RECORDS SHOWN =
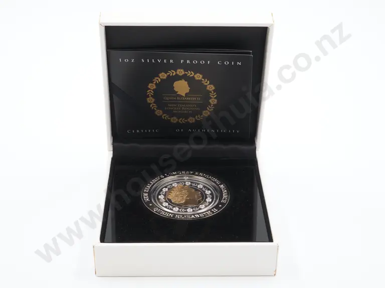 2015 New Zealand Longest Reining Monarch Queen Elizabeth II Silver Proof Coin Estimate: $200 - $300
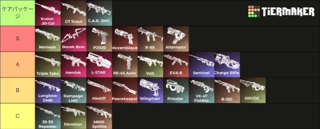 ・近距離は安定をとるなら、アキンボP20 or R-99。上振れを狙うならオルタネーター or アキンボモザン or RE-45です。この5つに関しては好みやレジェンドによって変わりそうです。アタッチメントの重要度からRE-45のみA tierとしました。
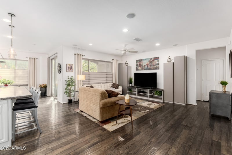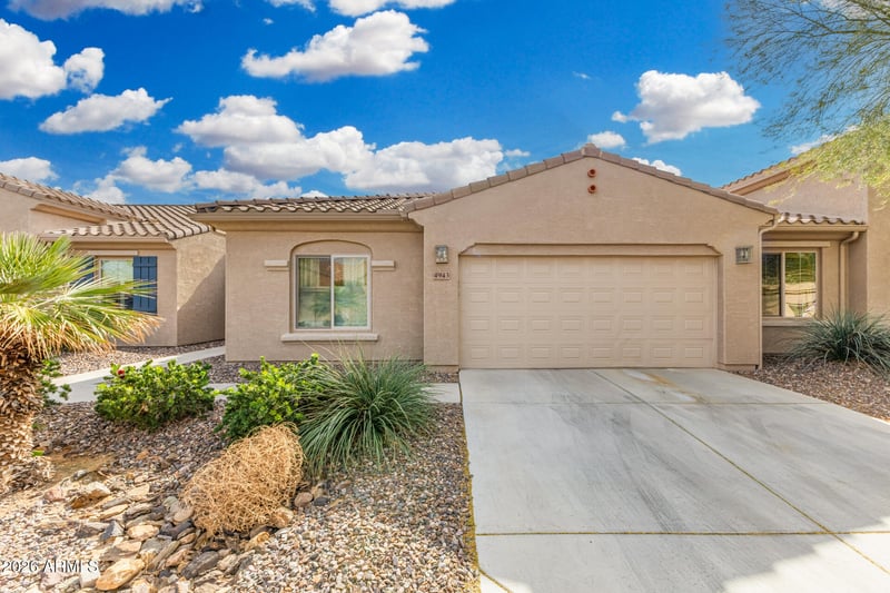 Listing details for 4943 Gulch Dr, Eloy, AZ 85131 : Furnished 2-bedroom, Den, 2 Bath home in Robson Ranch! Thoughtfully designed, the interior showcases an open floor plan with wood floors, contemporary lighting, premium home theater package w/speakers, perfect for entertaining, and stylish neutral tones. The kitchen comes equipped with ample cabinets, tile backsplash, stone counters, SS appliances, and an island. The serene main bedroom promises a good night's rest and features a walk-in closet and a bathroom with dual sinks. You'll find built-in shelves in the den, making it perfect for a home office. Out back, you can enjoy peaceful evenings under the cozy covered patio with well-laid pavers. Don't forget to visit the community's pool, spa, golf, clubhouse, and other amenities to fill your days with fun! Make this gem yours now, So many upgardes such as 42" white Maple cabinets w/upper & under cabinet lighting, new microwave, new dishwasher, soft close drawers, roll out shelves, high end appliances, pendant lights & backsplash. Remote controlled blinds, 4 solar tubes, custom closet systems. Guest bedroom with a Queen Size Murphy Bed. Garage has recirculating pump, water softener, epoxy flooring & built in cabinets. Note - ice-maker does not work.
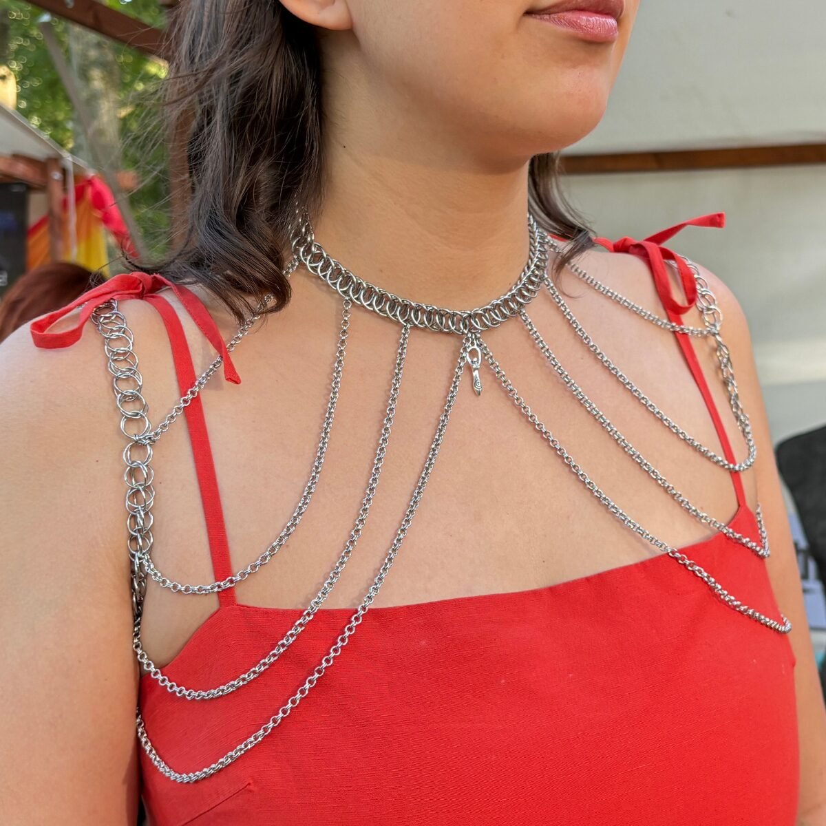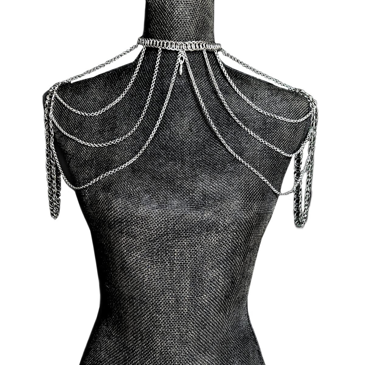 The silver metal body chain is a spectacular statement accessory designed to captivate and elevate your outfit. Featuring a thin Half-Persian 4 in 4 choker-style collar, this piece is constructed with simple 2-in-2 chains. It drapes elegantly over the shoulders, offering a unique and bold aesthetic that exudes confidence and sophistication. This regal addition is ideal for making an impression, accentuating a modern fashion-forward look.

--

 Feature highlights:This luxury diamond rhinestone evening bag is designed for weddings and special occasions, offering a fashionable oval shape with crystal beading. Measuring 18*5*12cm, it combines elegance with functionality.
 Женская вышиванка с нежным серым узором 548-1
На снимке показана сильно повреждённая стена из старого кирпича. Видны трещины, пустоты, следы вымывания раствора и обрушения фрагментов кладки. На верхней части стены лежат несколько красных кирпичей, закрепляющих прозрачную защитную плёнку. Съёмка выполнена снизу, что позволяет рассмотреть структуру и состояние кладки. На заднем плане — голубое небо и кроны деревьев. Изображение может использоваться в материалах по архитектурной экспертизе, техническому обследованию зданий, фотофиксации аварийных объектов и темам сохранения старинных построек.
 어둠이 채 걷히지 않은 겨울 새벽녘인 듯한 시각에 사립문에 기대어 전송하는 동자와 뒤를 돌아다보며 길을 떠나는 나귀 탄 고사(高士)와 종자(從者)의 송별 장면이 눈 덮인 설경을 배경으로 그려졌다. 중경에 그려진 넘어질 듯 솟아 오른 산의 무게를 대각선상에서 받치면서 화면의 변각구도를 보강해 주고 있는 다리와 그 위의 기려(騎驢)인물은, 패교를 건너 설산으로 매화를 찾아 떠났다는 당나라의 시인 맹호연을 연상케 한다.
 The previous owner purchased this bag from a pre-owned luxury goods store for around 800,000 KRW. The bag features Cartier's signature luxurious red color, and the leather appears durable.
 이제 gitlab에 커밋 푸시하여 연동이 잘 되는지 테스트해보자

---

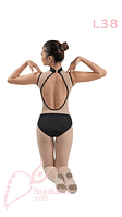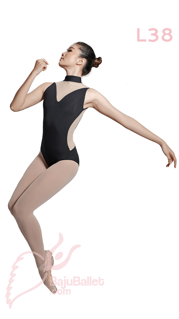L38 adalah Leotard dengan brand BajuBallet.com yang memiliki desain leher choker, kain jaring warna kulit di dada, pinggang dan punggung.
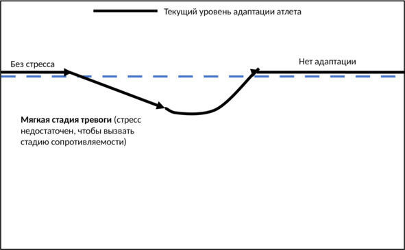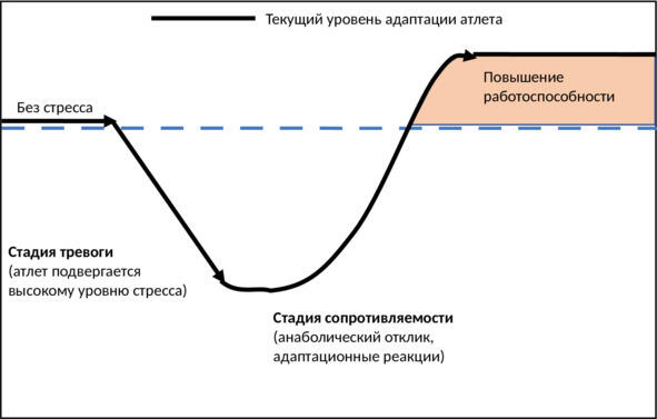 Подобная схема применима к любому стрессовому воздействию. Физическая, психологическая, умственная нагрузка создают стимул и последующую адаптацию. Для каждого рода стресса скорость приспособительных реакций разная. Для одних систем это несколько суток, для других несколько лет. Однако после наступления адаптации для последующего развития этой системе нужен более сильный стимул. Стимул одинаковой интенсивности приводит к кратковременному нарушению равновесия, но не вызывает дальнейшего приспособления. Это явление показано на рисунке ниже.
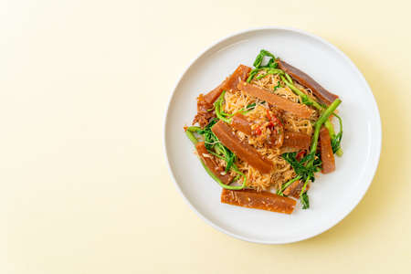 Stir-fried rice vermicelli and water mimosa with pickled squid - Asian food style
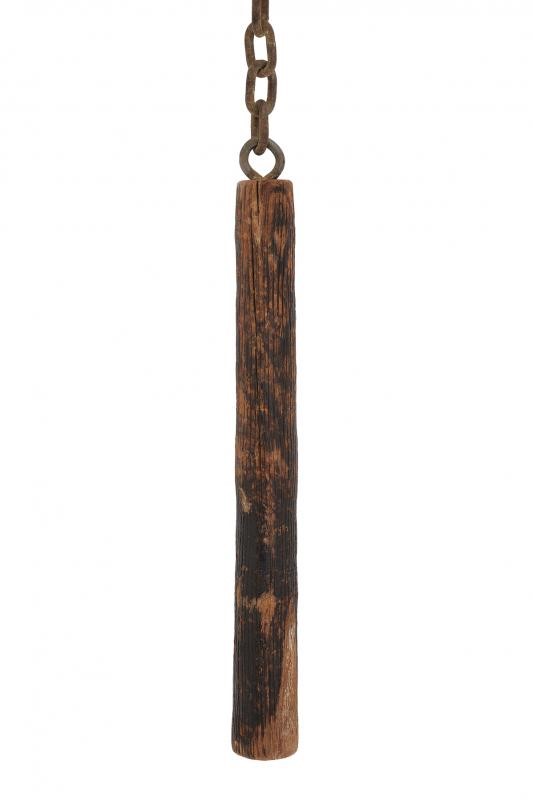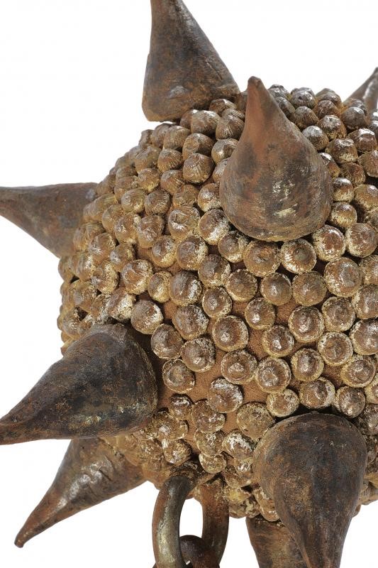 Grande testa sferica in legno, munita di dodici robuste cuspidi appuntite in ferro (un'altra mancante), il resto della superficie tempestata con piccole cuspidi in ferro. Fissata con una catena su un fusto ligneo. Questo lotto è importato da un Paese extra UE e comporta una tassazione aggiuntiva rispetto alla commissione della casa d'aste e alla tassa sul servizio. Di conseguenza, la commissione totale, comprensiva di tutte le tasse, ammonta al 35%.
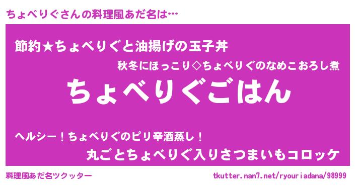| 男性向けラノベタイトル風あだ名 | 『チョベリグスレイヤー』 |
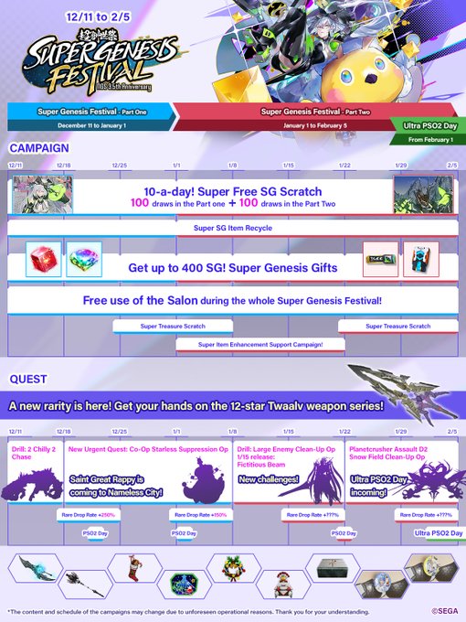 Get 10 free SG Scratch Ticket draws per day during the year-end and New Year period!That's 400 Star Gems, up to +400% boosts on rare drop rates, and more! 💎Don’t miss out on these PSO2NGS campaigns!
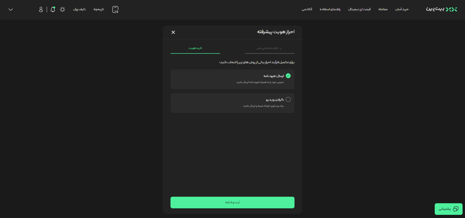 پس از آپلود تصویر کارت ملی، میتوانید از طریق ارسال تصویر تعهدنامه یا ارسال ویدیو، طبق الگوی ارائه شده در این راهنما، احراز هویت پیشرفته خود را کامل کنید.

PROBLEM STATEMENT = Drop the pictures; return the lines above from the line containing "2015 New Zealand" to the line containing "or R-99。上振れを狙うならオルタネーター or", both included, exactly.

ANSWER AREA =
 2015 New Zealand Longest Reining Monarch Queen Elizabeth II Silver Proof Coin Estimate: $200 - $300
 ・近距離は安定をとるなら、アキンボP20 or R-99。上振れを狙うならオルタネーター or アキンボモザン or RE-45です。この5つに関しては好みやレジェンドによって変わりそうです。アタッチメントの重要度からRE-45のみA tierとしました。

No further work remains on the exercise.